On pourra au lire de ces extraits se dire que dans le genre, c'est terrifiant et qu'il s'agit d'un mauvais roman

MAIS ATTENTION :

le passage cité est extrait d'une lecture à voix haute qu'effectue l'un des personnages à partir des feuilles sauvées hasardeusement du pilon. La scène est drôle : il se trouve à lire devant un parterre de personnes âgées, mais comme la façon de faire consiste à prendre dans le désordre et sans tri les extraits sauvés, voilà qu'il tombe sur celui-ci, qui enchaîne à tire larigot tous les clichés de scènes sexuelles vulgaires et sans sensualité ; et songe à en interrompre la lecture (en plus à ce moment-là faite par une tierce personne fort respectable) avant de constater à quel point l'audience est subjuguée.

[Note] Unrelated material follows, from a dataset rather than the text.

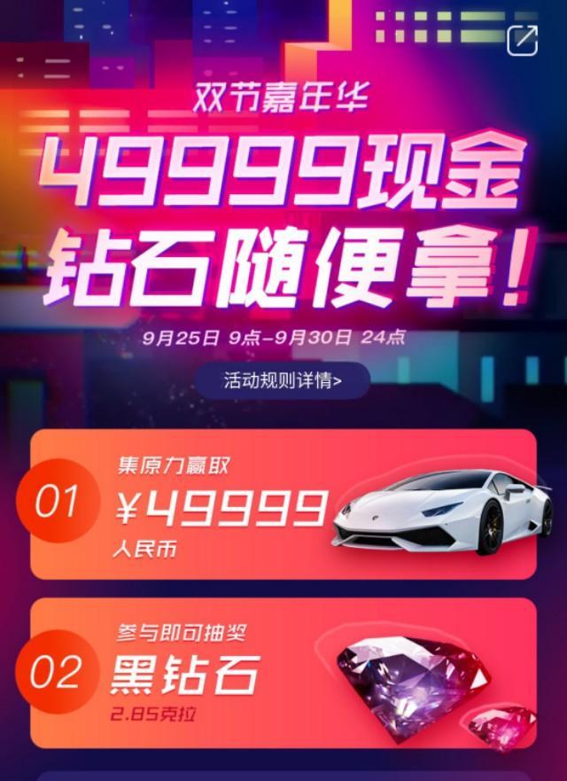 今日,网易星球开启了“双节嘉年华”活动,办一场盛大的赛事,为庆祝中秋国庆双节,网易准备了49999现金、iphoneX、万元钻石等丰富大奖,只等你来拿!

Il s'agit donc de citation d'une citation. L'auteur s'en est visiblement donné à cœur joie pour en rajouter et je ne serais pas loin de le soupçonner d'avoir travaillé un jour comme relecteur pour un éditeur, on pressent qu'il sait.

Ce sont donc des Jambes Interminables, mais au second degré. On ne se méfie jamais assez.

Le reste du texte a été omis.